Приговский зал консерватории
№ 2 (64), февраль 2006
«Вы, конечно, можете ненавидеть академическую музыку, и вести себя на концерте, как на футбольном матче, – Вы можете надругаться над партитурой «Спящей красавицы» или «Лоэнгрина», но я вам это не рекомендую», – примерно так могла начаться одна из строф тексто-ритмической композиции писателя и и. о. композитора Дмитрия А. Пригова, прозвучавшая в Рахманиновском зале.
До того были исполнены новейшие по времени написания, но умеренно-неоромантические по содержанию сочинения петербургского пианиста Игоря Райхельсона в художественно-безупречной интерпретации автора Ю. Башмета и его ансамбля «Солисты Москвы». Музыка Райхельсона – это музыка, от которой остается приятное, уравновешенное впечатление, подобного рода музыка, конечно, всегда будет котироваться в слушательской аудитории. Музыка Пригова, точнее декламационно-ритмо-ударная композиция, произвела на всех неоднозначное впечатление: у кого-то, возможно, была подорвана вера в гуманистические идеалы современного искусства и родилась мысль о необязательности его существования, некоторые активно не принимали звучащее, кто-то громко разговаривал во время концерта, но с уверенностью можно сказать, что происходившее на сцене не оставило никого равнодушным.
Текстомузыка композиции под оригинальным названием «Широка страна моя родная» представляла собой безостановочное и ускоряющееся перечисление названий различных географических объектов, природных ресурсов, а также вещей, которые нас окружают. Перед кульминацией в партии вибрафона, подобно какой-нибудь пафосной радийной заставке, зазвучал мотив песни, давшей название опусу. Вторым номером была исполнена композиция «1000 нерекомендований», в словесном тексте которой на абсурдный в своей бесконечности перечень 1000 возможностей приходилось равное количество отклонительных сентенций. Возможно, такой художественный прием явился переосмыслением политического режима Страны Советов, в которой всем советовали не лезть на рожон.

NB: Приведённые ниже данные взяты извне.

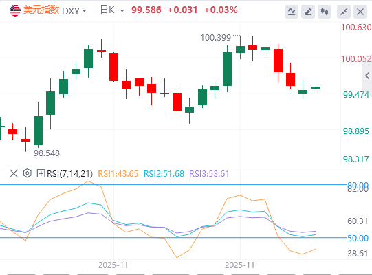 11月28日,北京时间周五亚市早盘,美元指数徘徊在99.58附近。周四,美元指数整体上先涨后跌,触及日内高点后抹去全部涨幅,最终收跌0.059%,报99.53。由于感恩节假期市场交投清淡,现货黄金横盘震荡,最终收跌0.14%,报4157.99美元/盎司,仍徘徊在近两周高点附近;现货白银连涨四日,最终收涨0.1%,报53.4美元/盎司。在交易员观望俄乌谈判走向以及展望本周末举行的欧佩克+会议之际,国际原油连续第二个交易日走高。WTI原油站上59关口,最终收涨0.96%,报59.03美元/桶;布伦特原油最终收涨0.77%,报62.89美元/桶。
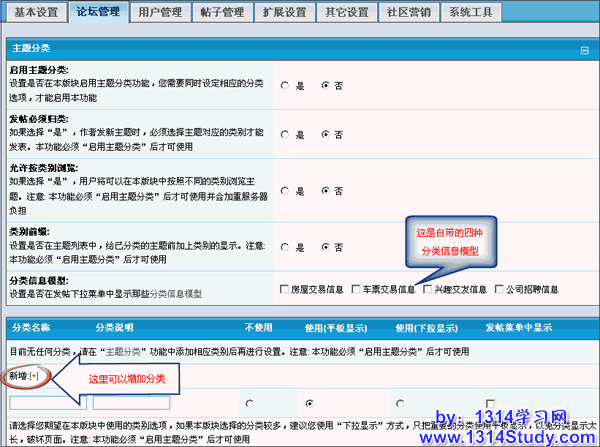 设置是否在本版块启用主题分类功能,您需要同时设定相应的分类选项,才能启用本功能
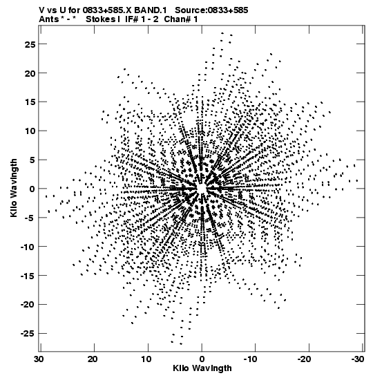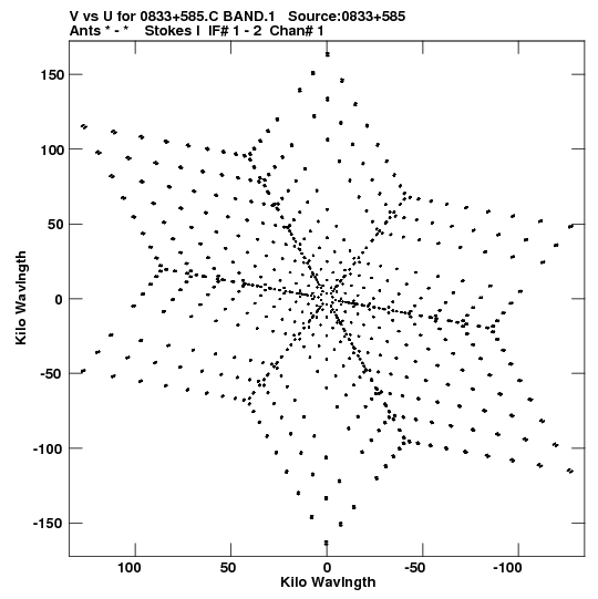 • Links is a collection of links that will show you the GIF uv-coverage and visibility plot for this data set in pop-up windows. See the README file on how to interpret these plots. They'll also get you to the project pipelining scripts and information log files as well as the full multi-source archive data on this project.
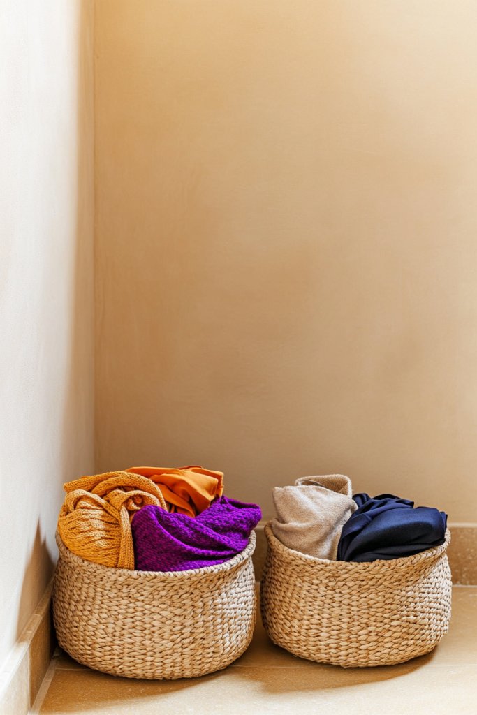 Choose baskets that complement your decor—think boho chic with woven textures or sleek modern with metallic finishes. Use fabric-lined bins for a softer look or waterproof containers for outdoor or rainy-day items. Stacking baskets or nesting smaller ones inside larger ones maximizes space. Seasonal swaps can include cozy wool or faux fur-lined options for winter.
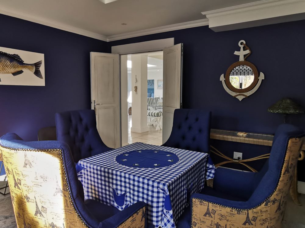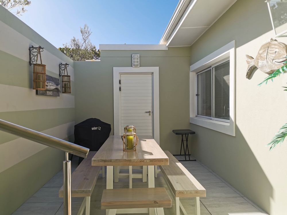 At the entrance to the house is another seating area which is protected from the wind fitted with outdoor seating and portable braai & heater for those chiller days and nights.
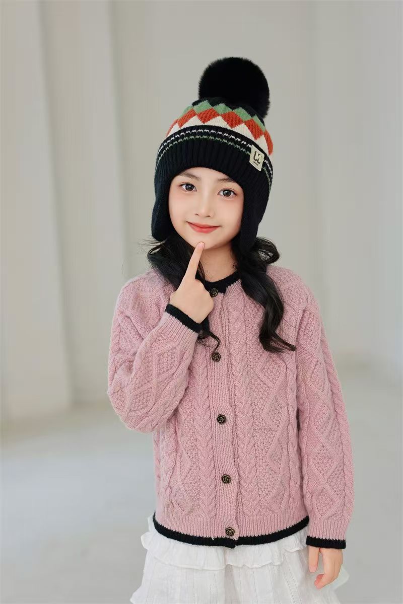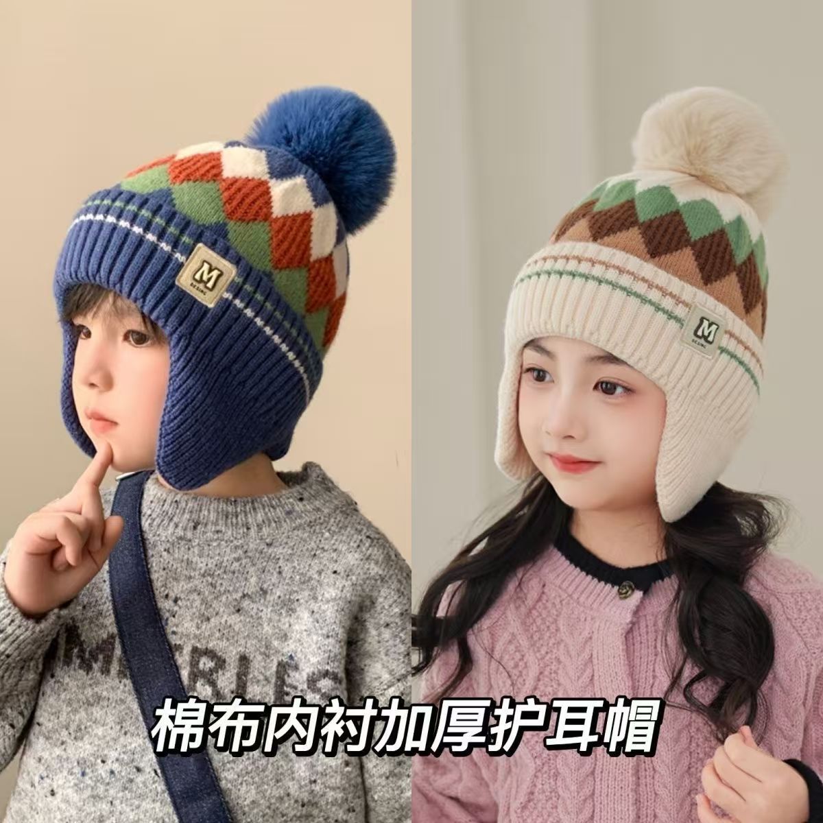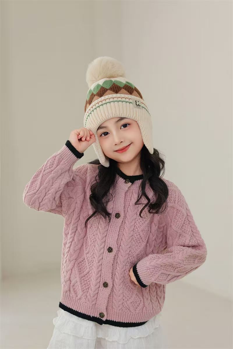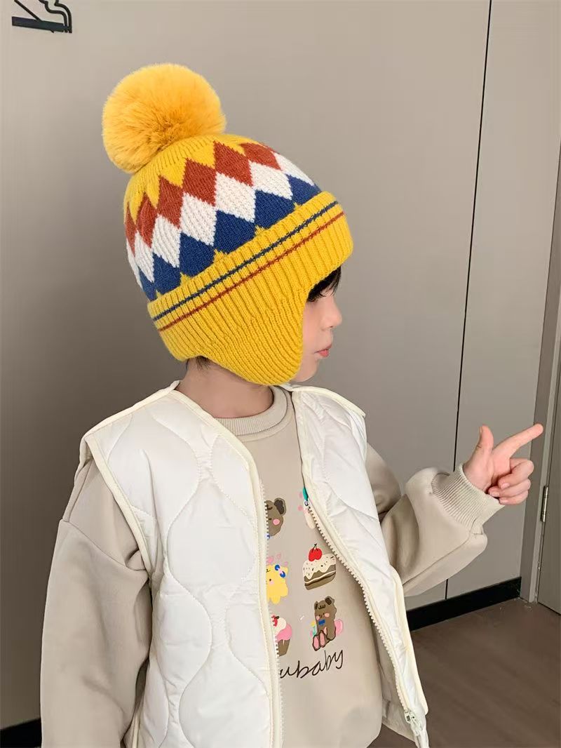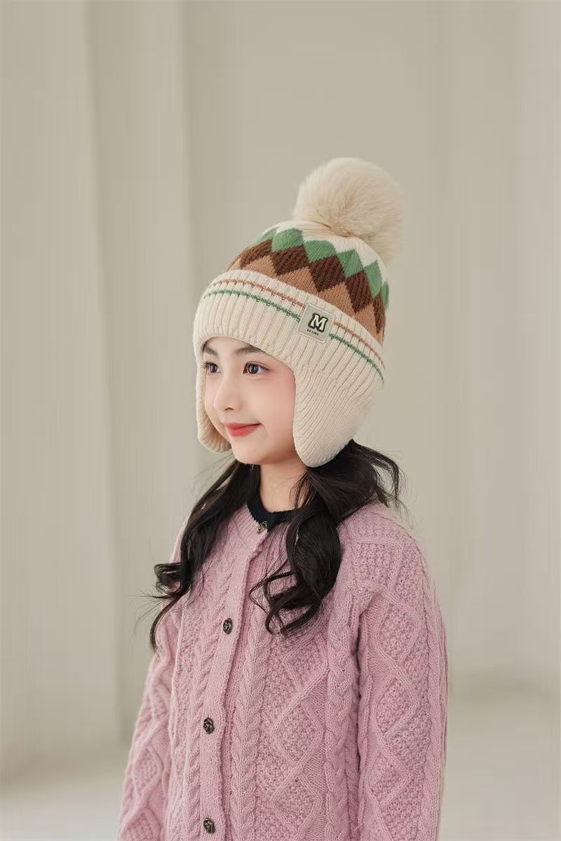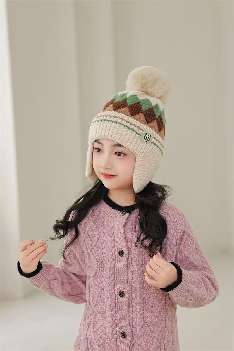 어린이 따뜻한 모자 가을, 겨울 소년과 소녀를위한 마름모 방풍 귀 보호 모자 아기 니트 두꺼운 모직 모자 겨울
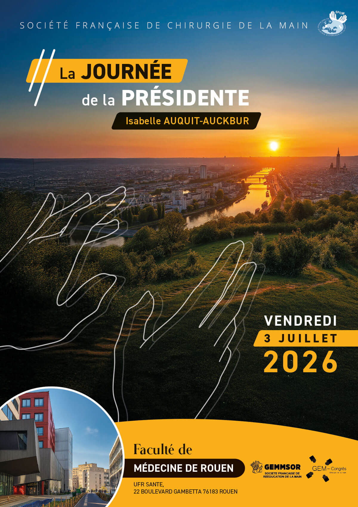 Le 3 juillet j’aurai le plaisir de vous accueillir dans l’enceinte la plus récente de la faculté de médecine de Rouen pour « la journée de la présidente ». Comme une avant-première du congrès de décembre, les thèmes développés seront variés et tournés vers l’interdisciplinarité. Il y aura ainsi des miniconférences avec des intervenants experts dans leur discipline dont quelques surprises…Et des cas cliniques interactifs. Je vous espère nombreux à cette journée qui se clôturera par un moment convivial en Bord de Seine !
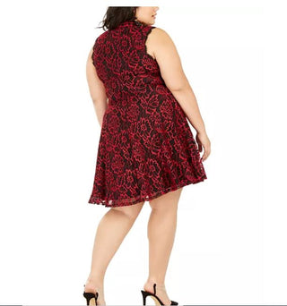 Vestido Plus Size City Studios Juniors com Renda e Flare Vermelho Tamanho 16 W
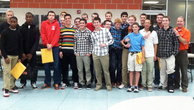 On Tuesday, December 3, 2013, Cherokee's Cross Country team held its annual awards dinner at the school. There the team, coaches, families and friends, enjoyed a meal together, applauded the accomplishments of the team this season, and bid farewell to the graduating seniors. Highlights included the great meal provided by the parents and the Coaches' awards, including the Most Valuable, Most Improved, and the Unsung Hero. Coach Shaklee's remarks are recounted in Coach's Message.
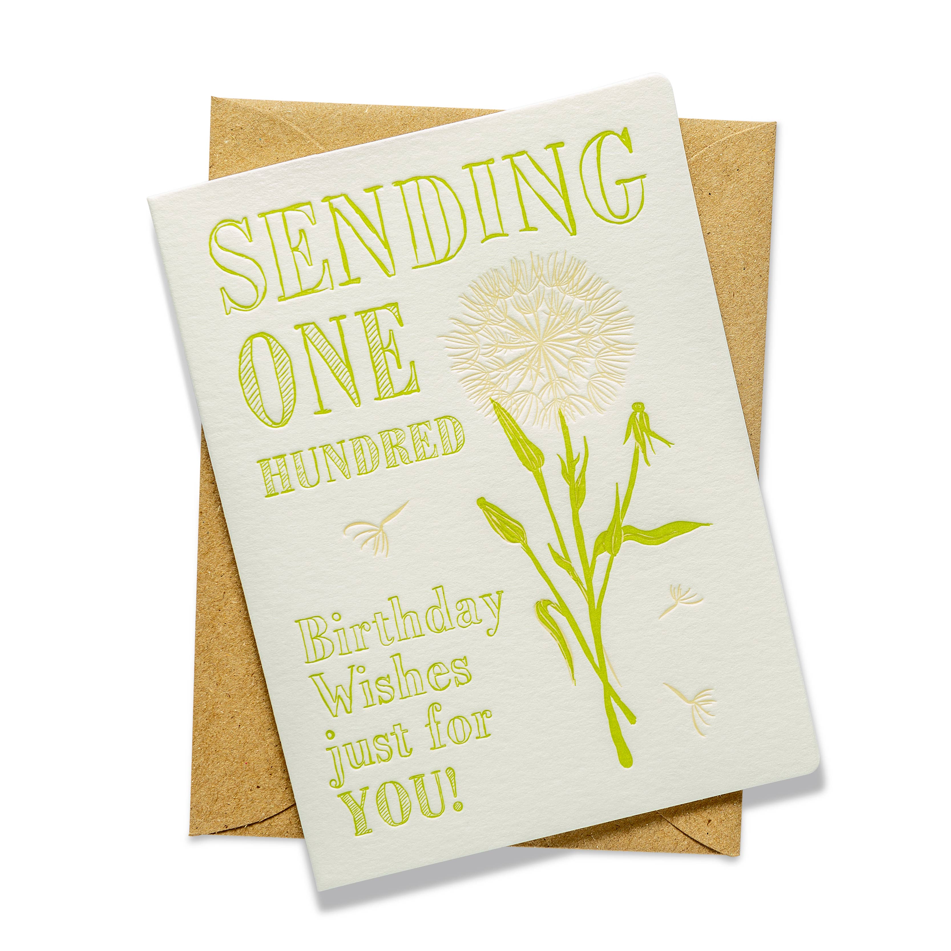 Send your warmest wishes with a touch of whimsy and elegance, capturing the essence of a carefree wish blown into the wind with our Dandelion Birthday card! "Sending one hundred birthday wishes just for you!"
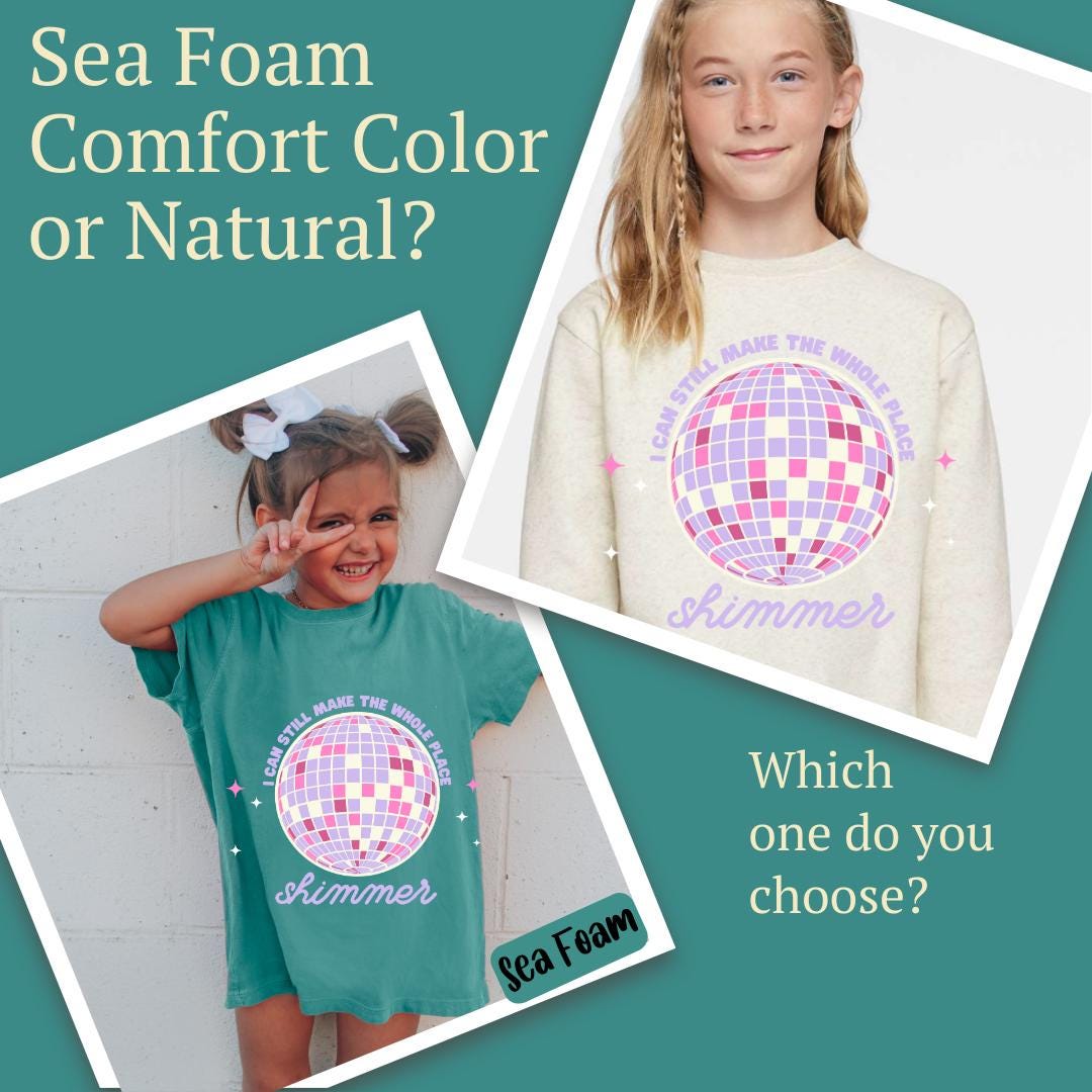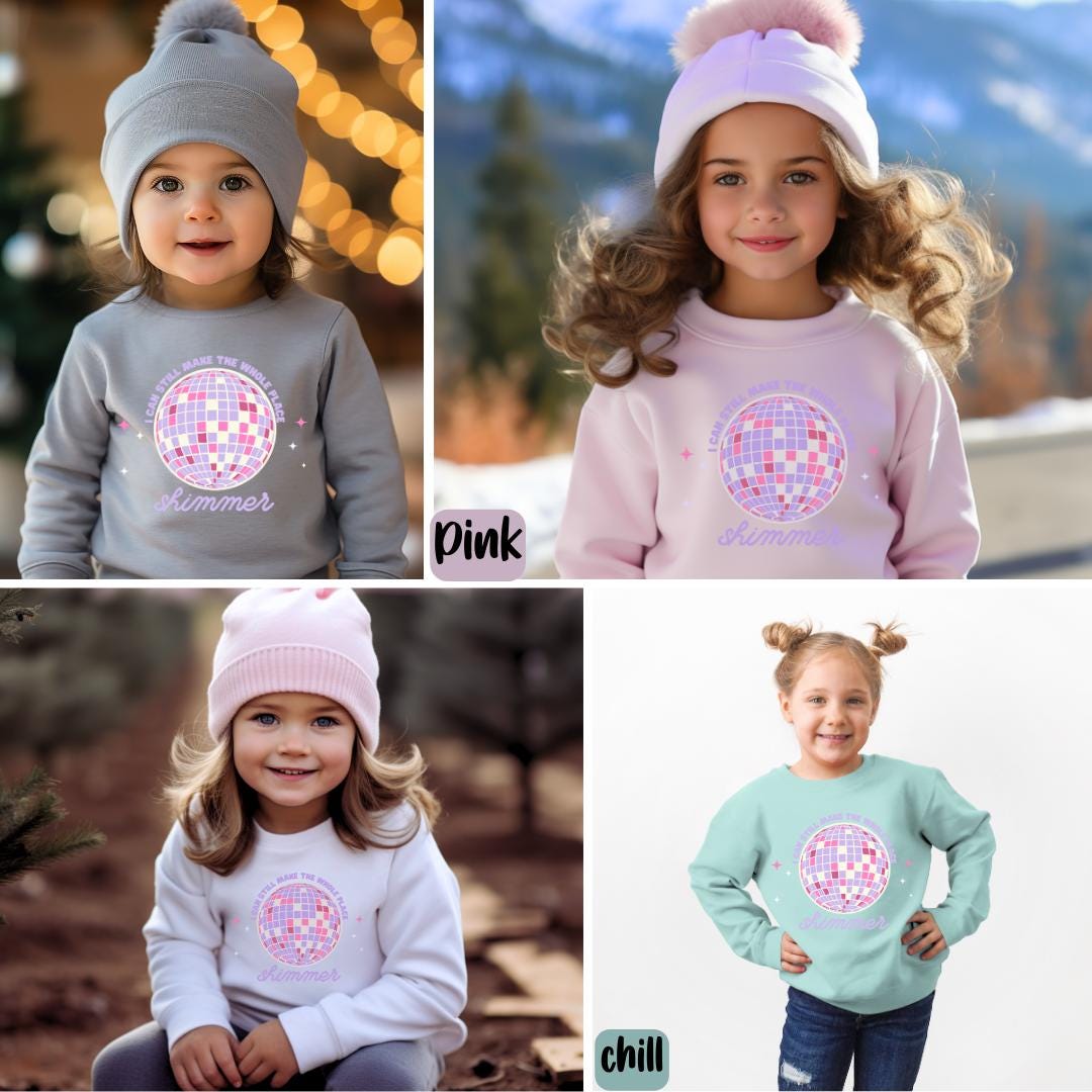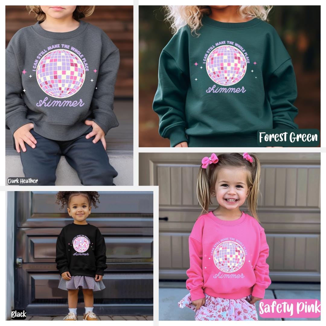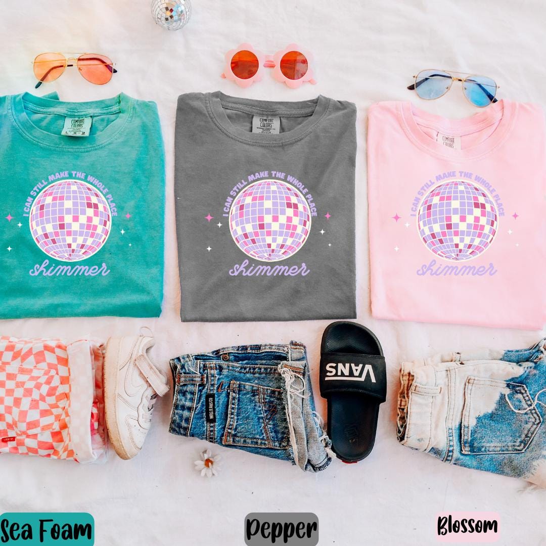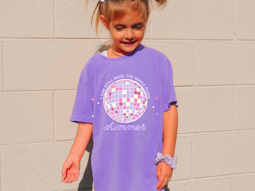 Introducing our I can Make the Whole World Shimmer T-shirt! A whimsical design that features a beautiful Disco ball front and center of the shirt with an adorable phrase that will make any music lover happy!
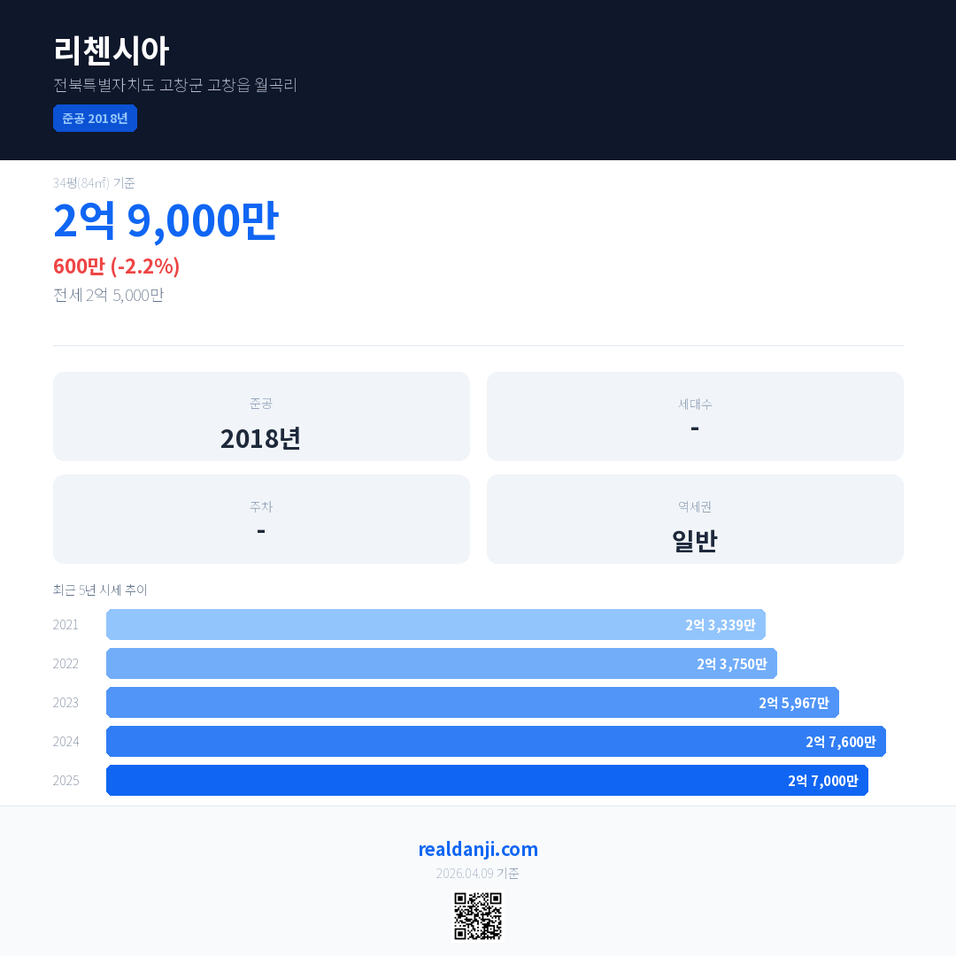 리첸시아 국민평형 기준 2025년 평균 거래가는 2억 7,000만으로, 전년 대비 2.2% 하락 했습니다.
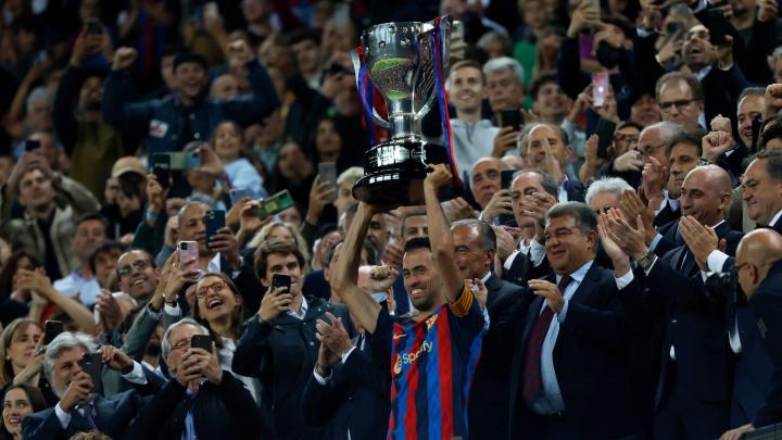 作为巴萨队长的布斯克茨高举冠军奖杯

Иногда в качестве шоковой терапии полезно послушать нечто глобально-концептуальное, Рахманиновский зал, похоже, превратился в «Мекку» для экстраординарных экспериментов всех сортов. Однако, какое отношение имеет светлое имя Сергея Васильевича ко всяческим гиперноваторствам современности? Что только не исполняли в многострадальном Рахманиновском: и тишину слушали, и шум радиоприемников, и хор мобильных телефонов. Может быть, переименовать Рахманиновский зал в Кейджевский, Приговский или еще какой-нибудь? Тогда можно будет пригласить квалифицированного рабочего, который на препарированном куске железобетона исполнит виртуозное соло отбойного молотка в память о великой классической традиции академической музыки.